Hi all! For this time, our lecturer ask we to do the User Centere Design Assignment. Basically we need to create screens design based on different user's characteristic.
TOPIC : CHIKUNGUNYA
TARGET AUDIENCE :
1) ADULTS (30 and above years old)
-parents
-folks
-public/private sector workers
-lectures
2) TEENAGERS (14 – 29 years old)
-secondary school students
-college students
-volunteers
3) KIDS ( 3 – 12 years old)
-primary school students
-kindergarden
-volunteers
PRECEDENT STUDIES
1) SCREEN DESIGN 1 (ADULTS)
- such a formal
- as a serious design
- have a matured message
- based on feedback surveys form
2) SCREEN DESIGN 2 (TEENAGERS)
- more contemporary
- cool design which send a serious message to a teenagers
- attractive and versatile
- based on feedback surveys form
3) SCREEN DESIGN 3 (KIDS)
- attractive
- not a bores and not many word
- put a kids element
- base on feedback surveys form
CHIKUNGUNYA
Key facts
• Chikungunya is a viral disease that is spread by mosquitoes. It causes fever and severe joint pain. Other symptoms include muscle pain, headache, nausea, fatigue and rash.

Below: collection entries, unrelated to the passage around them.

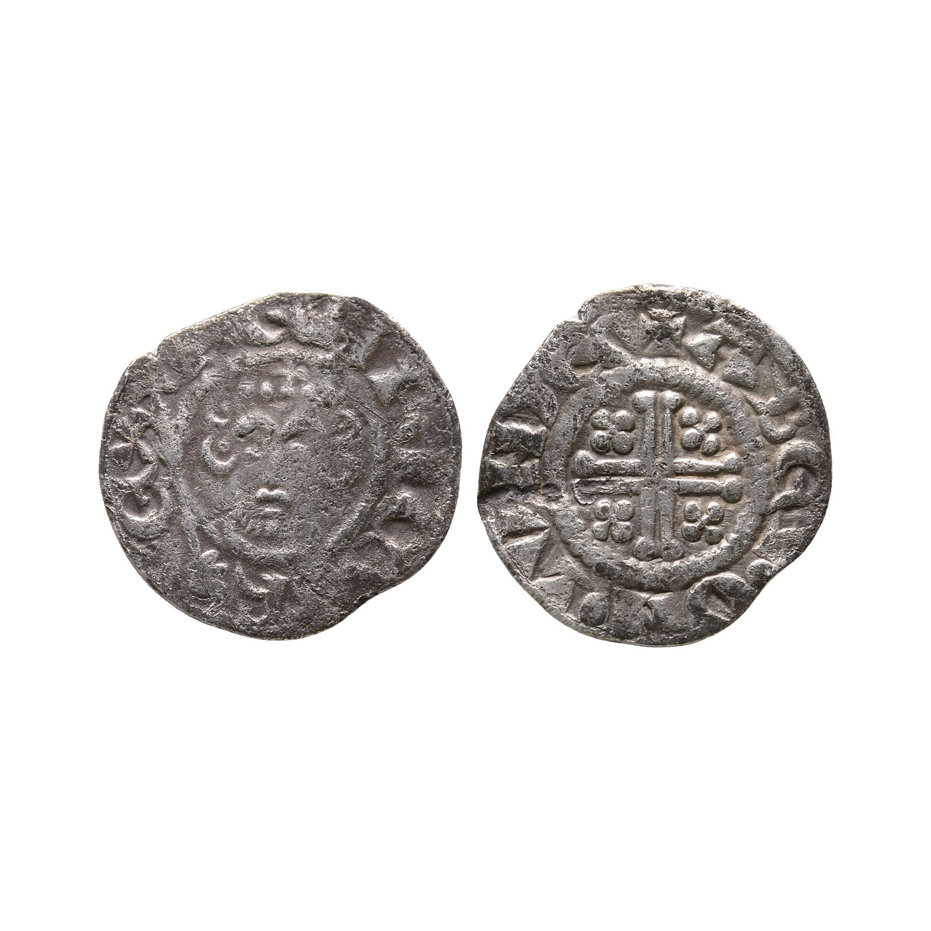 Class 6c. Obv: facing bust with HENRICVS REX legend. Rev: short voided cross with +ABEL.ON.LVNDE legend for the moneyer Abel at London mint. 1.33 grams.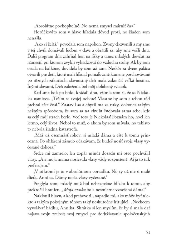Napriek tomu, že má kniha 500 strán a na pohľad je to poriadna bichľa, príbehom som skutočne veľmi rýchlo "prebehla". Ako už viem z predchádzajúcich autorkiných kníh, Kiera má skvelý, jednoduchý a pútavý štýl písania, a tak som cez množstvo krátkych kapitol doslova preletela. Samozrejme, samotný štýl by nestačil, ale aj príbeh ma musí zaujať, a to sa autorke opäť podarilo aj v tomto prípade. Mám veľmi rada tento typ romantických fantasy kníh, kde stávky nie sú príliš vysoké, príbehu nevládne len prehnane zložitá politika, zápletka je pomerne jednoduchá, nemusím byť počas čítania v strese z neustáleho napätia a rizika a výborne si pri knihe oddýchnem. Zároveň to však neznamená, že by autorka príbeh odflákla, to rozhodne nie.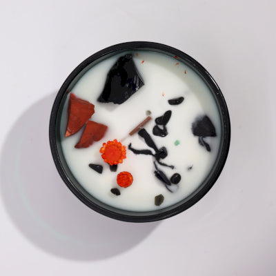 Step into the mystical world with Hop Hare Crystal Magic Flower Candle - The Devil, crafted with Red Jasper & Black Agate with the addition of dry flowers.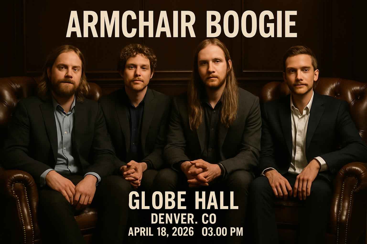 The Armchair Boogie concert begins at 8:00 PM on April 16 2026 at Globe Hall in Denver CO.

• The disease shares some clinical signs with dengue, and can be misdiagnosed in areas where dengue is common.
• There is no cure for the disease. Treatment is focused on relieving the symptoms.
• The proximity of mosquito breeding sites to human habitation is a significant risk factor for chikungunya.
• The disease occurs in Africa, Asia and the Indian subcontinent. In recent decades mosquito vectors of chikungunya have spread to Europe and the Americas. In 2007, disease transmission was reported for the first time in Europe, in a localized outbreak in north-eastern Italy.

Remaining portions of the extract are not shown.